E' necessario recuperare l'entusiasmo e la militanza, intesa come presenza costante sul territorio, nelle scuole e sui luoghi di lavoro, valorizzando i compagni al loro interno e allargando il fronte con parole d'ordine che diano ai destinatari del nostro messaggio la sensazione che "chi non è di Destra è comunista e deve stare coi comunisti".

La forza di un partito comunista si misura innanzitutto nella sua capacità di stare tra la gente, di parlare con loro, di dare loro una prospettiva di società differente da quella attuale. Per troppo tempo abbiamo trascurato la parte militante della nostra attività, che oggi invece va valorizzata per contrastare la maggiore capacità mediatica di personaggi carismatici come Vendola o Grillo. Dobbiamo essere noi migliaia di megafoni di una causa di un mondo migliore, e anche se siamo più piccoli siamo senz'altro di più. E con la nostra presenza riusciremo a uscire dalla crisi della politica da Sinistra, dove Sinistra non è solo una parola da citare, ma un insieme di valori scritti nella Costituzione col sangue dei partigiani che hanno lottato senza farsi alcun problema della loro debolezza mediatica. Loro hanno vinto. Noi possiamo farcela, se lo vogliamo.

mercoledì 8 dicembre 2010

Uniamo le lotte contro il capitale

“Gli studenti veri stanno a casa a studiare”. Con questa frase il Presidente del Consiglio Silvio Berlusconi ha commentato la grande mobilitazione dell’1 dicembre, giorno dell’approvazione alla Camera del ddl Gelmini.
La filosofia della maggioranza di governo, e anche di molti politici in generale, è sintetizzata in questa frase. La scuola sarebbe solo una fucina di nozioni, una fabbrica di voti, pagelle…

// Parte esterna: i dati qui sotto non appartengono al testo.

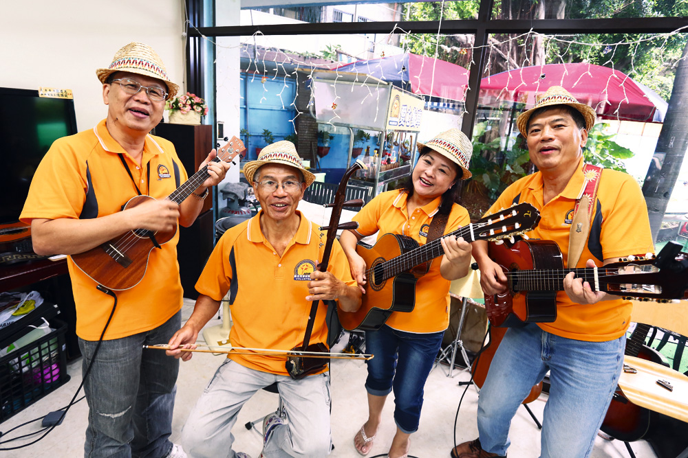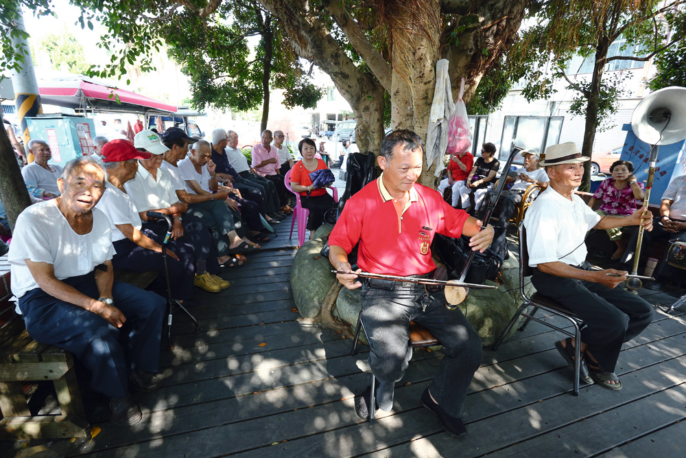 音樂、舞蹈,可自娛,也能娛人,為老年生活增添不少風情與樂趣。上圖為新北市銀髮族協會的「佈老樂團」,下圖為北埔假日唱山歌活動。

La mobilitazione degli studenti e dei lavoratori è però effettivamente meno massiccia quantitativamente rispetto a quanto ci si potrebbe aspettare e in particolare tra questi ultimi fatica ad esprimere tutto il suo potenziale.

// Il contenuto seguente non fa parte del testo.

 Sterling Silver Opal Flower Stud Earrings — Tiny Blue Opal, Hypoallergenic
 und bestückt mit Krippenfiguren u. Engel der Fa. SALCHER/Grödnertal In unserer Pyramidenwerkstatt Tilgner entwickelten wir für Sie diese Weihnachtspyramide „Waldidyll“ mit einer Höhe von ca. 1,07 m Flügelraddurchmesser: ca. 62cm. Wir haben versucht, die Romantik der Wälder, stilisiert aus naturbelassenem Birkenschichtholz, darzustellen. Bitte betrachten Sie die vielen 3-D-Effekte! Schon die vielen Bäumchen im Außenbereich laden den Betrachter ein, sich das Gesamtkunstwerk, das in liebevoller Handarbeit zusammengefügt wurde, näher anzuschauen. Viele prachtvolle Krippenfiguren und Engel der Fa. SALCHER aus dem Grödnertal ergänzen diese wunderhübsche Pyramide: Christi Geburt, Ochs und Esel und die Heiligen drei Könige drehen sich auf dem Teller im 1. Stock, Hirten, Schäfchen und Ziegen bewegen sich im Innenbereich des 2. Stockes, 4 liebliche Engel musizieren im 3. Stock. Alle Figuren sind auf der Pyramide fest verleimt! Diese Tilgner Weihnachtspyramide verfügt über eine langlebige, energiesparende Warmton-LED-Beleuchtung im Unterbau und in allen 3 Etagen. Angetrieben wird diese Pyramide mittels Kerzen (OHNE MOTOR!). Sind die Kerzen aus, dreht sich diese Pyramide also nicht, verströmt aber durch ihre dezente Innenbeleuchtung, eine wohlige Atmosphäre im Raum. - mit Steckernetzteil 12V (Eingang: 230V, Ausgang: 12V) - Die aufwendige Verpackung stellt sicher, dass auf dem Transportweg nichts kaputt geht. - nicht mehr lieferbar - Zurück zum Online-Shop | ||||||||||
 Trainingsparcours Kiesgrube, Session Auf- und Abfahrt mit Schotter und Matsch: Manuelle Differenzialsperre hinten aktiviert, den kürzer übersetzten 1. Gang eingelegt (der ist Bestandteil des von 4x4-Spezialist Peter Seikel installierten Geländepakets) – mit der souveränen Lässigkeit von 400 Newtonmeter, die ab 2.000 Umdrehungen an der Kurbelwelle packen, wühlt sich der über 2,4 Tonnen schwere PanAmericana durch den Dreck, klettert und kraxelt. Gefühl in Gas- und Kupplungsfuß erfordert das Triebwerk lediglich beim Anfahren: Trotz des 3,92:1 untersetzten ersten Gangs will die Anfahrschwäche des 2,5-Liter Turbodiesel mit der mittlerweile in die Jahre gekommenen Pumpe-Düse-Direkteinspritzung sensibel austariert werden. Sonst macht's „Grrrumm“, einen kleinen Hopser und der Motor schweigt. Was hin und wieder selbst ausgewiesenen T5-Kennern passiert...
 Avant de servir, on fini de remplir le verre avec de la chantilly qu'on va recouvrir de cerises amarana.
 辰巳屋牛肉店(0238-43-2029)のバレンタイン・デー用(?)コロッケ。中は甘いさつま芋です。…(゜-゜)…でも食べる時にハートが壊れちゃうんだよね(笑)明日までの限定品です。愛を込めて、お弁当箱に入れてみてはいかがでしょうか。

Secondo Lorenzo Albanese, insegnante di geografia economica all’ITC di Bari intervistato da dol’s, questo è dovuto alle difficoltà dei sindacati e ad una sfiducia nei confronti dello strumento dello sciopero, un tempo in grado di incidere sulla sopravvivenza stessa di un Governo e oggi molto ridimensionato, oltre che da “un misto di disfattismo e qualunquismo” che spesso tra l’altro si trasmette agli studenti.

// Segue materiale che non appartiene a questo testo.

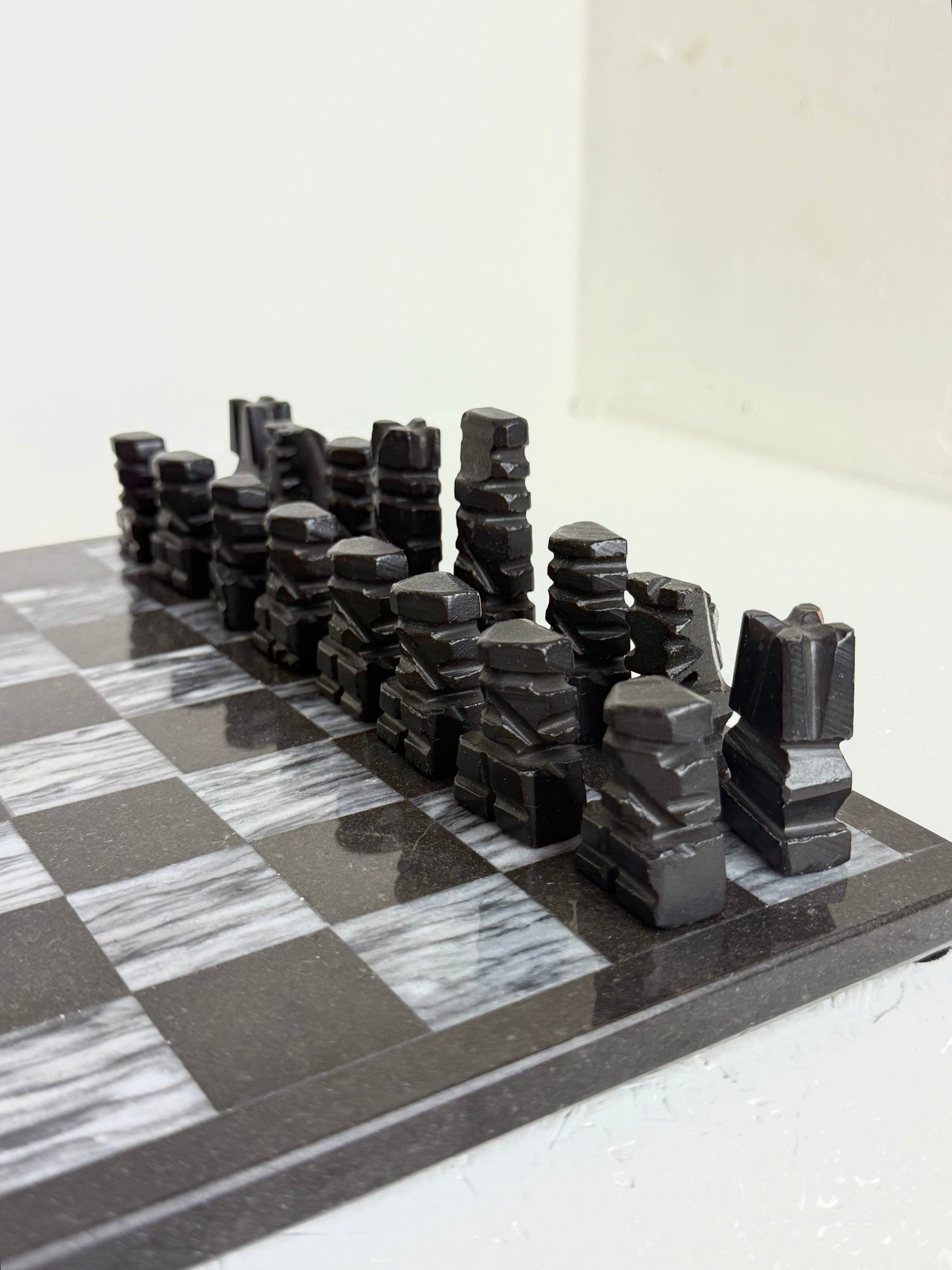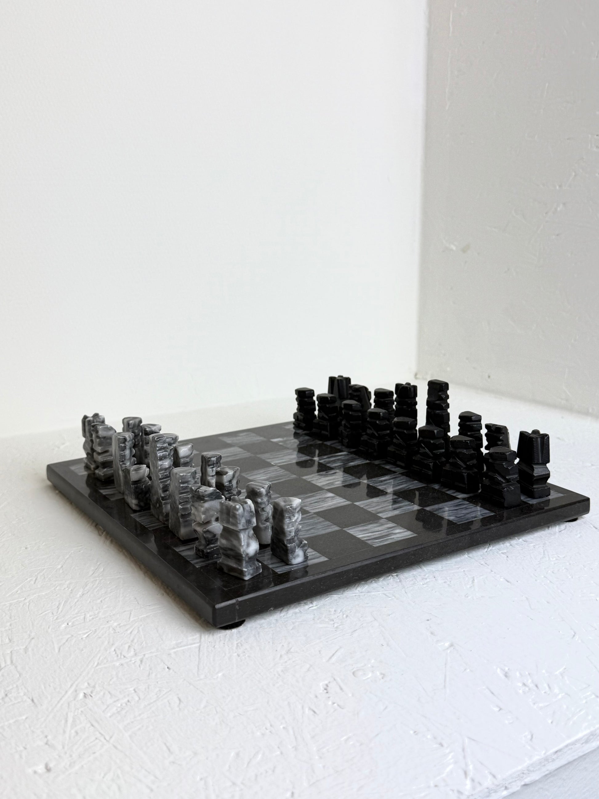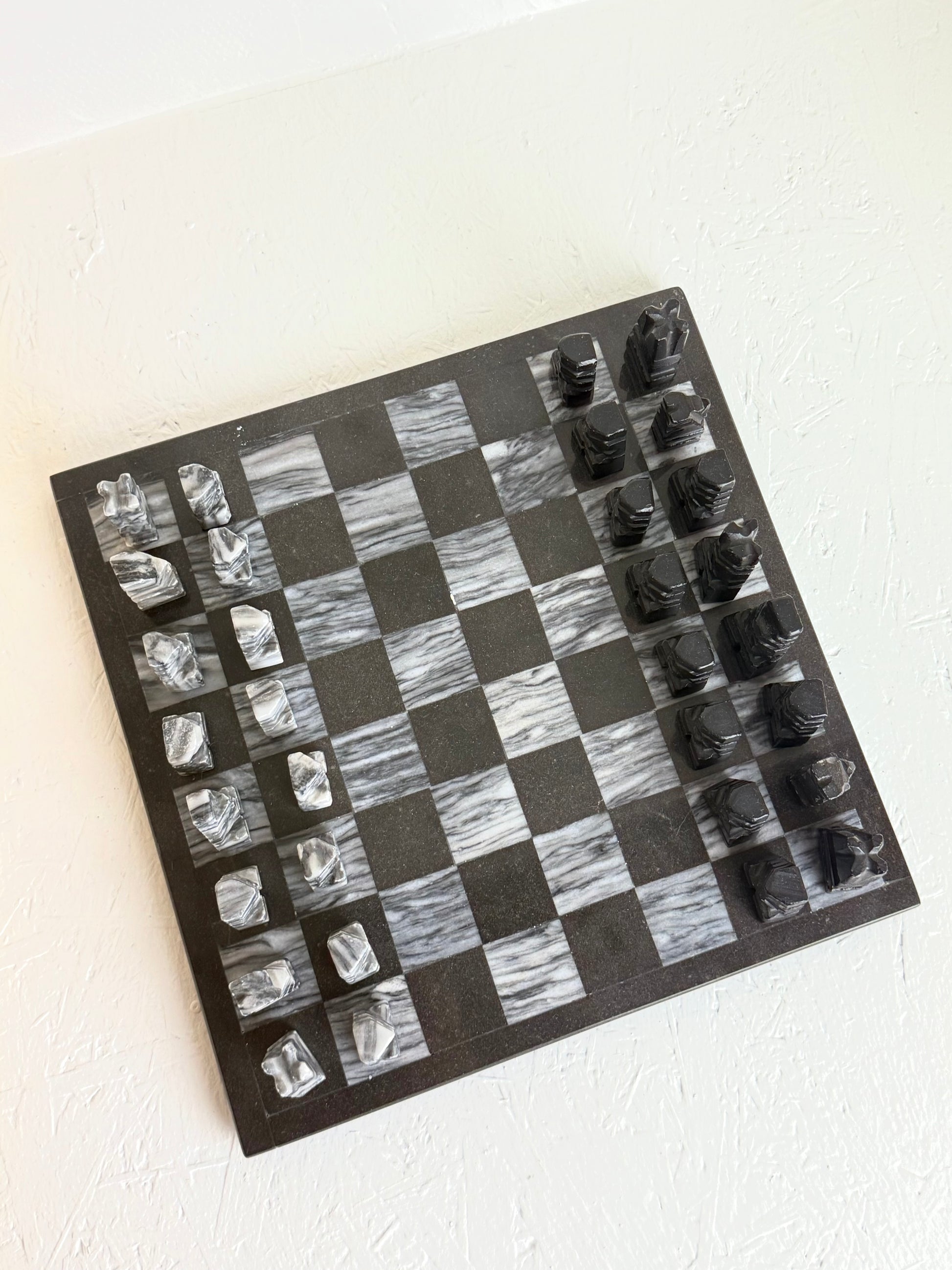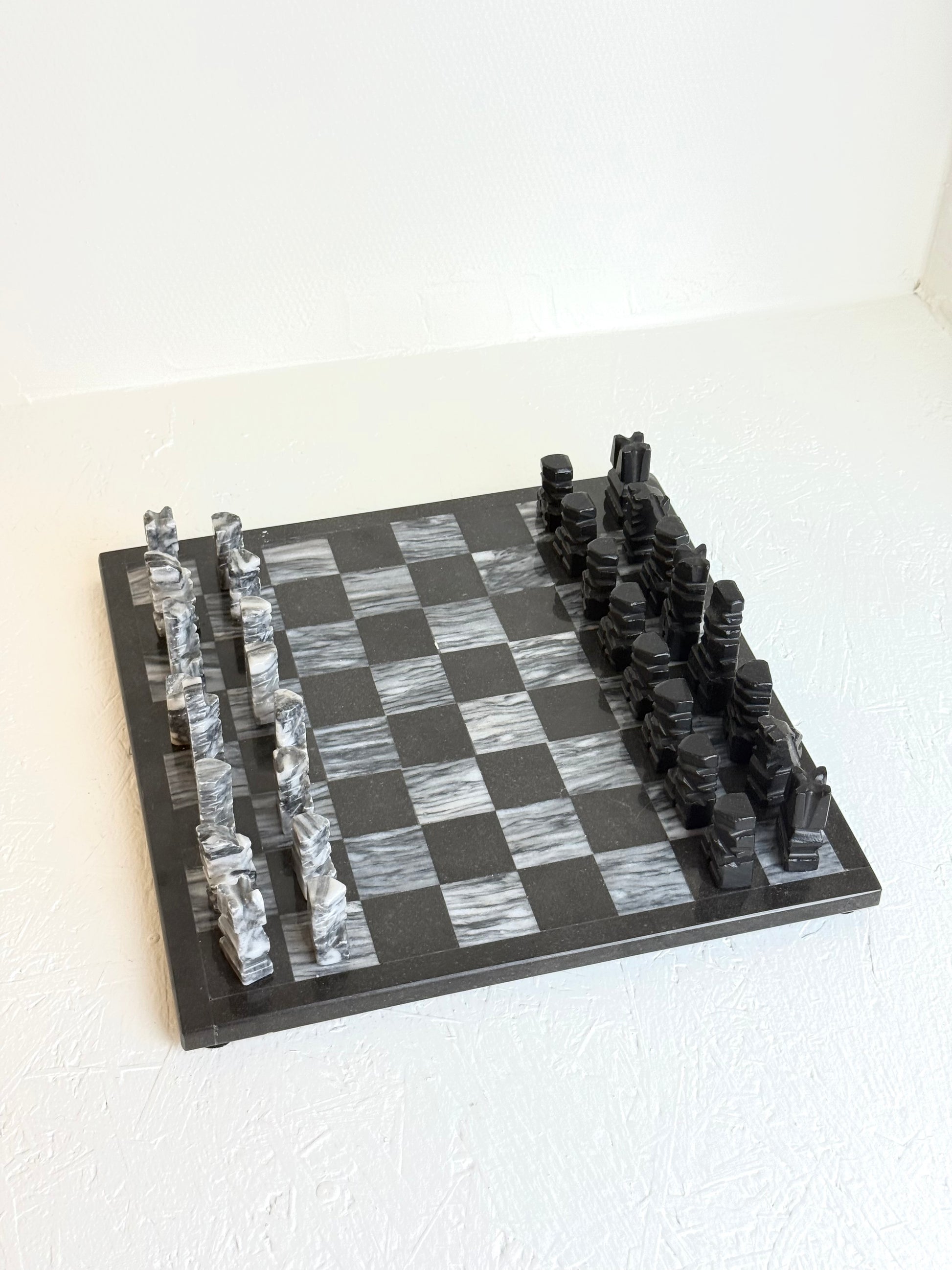 Dit vintage schaakbord is vervaardigd uit hoogwaardig marmer en combineert klassieke zwarte en witte vakken, wat zorgt voor een strak en tijdloos contrast. Het bord is niet alleen functioneel voor het spelen van een potje schaak, maar vormt ook een stijlvolle decoratie voor op tafel of in een interieur.

Senz’altro, la mancanza di una reale sponda politica nelle istituzioni dello Stato incide negativamente sulla possibilità di successo della piazza; la lunga serie di sconfitte del movimento sindacale e studentesco ha prodotto un grande scetticismo rispetto alla reale efficacia degli strumenti tradizionali.

Altro punto dolente è la difficoltà stessa dell’unire le rivendicazioni dei lavoratori e degli studenti: come dice Albanese, spesso i docenti non godono della stima e della fiducia degli studenti e questo mina la loro capacità di unire le forze.

Appare comunque evidente l’assoluta necessità di portare avanti una battaglia per il futuro delle giovani generazioni, lavorando a ricucire gli strappi e a mediare i conflitti tra studenti e lavoratori in modo che possano lottare uniti contro gli attacchi condotti alla scuola e alla cultura, e quindi in prospettiva alla stessa Costituzione repubblicana, dal blocco di potere che al momento guida il Paese.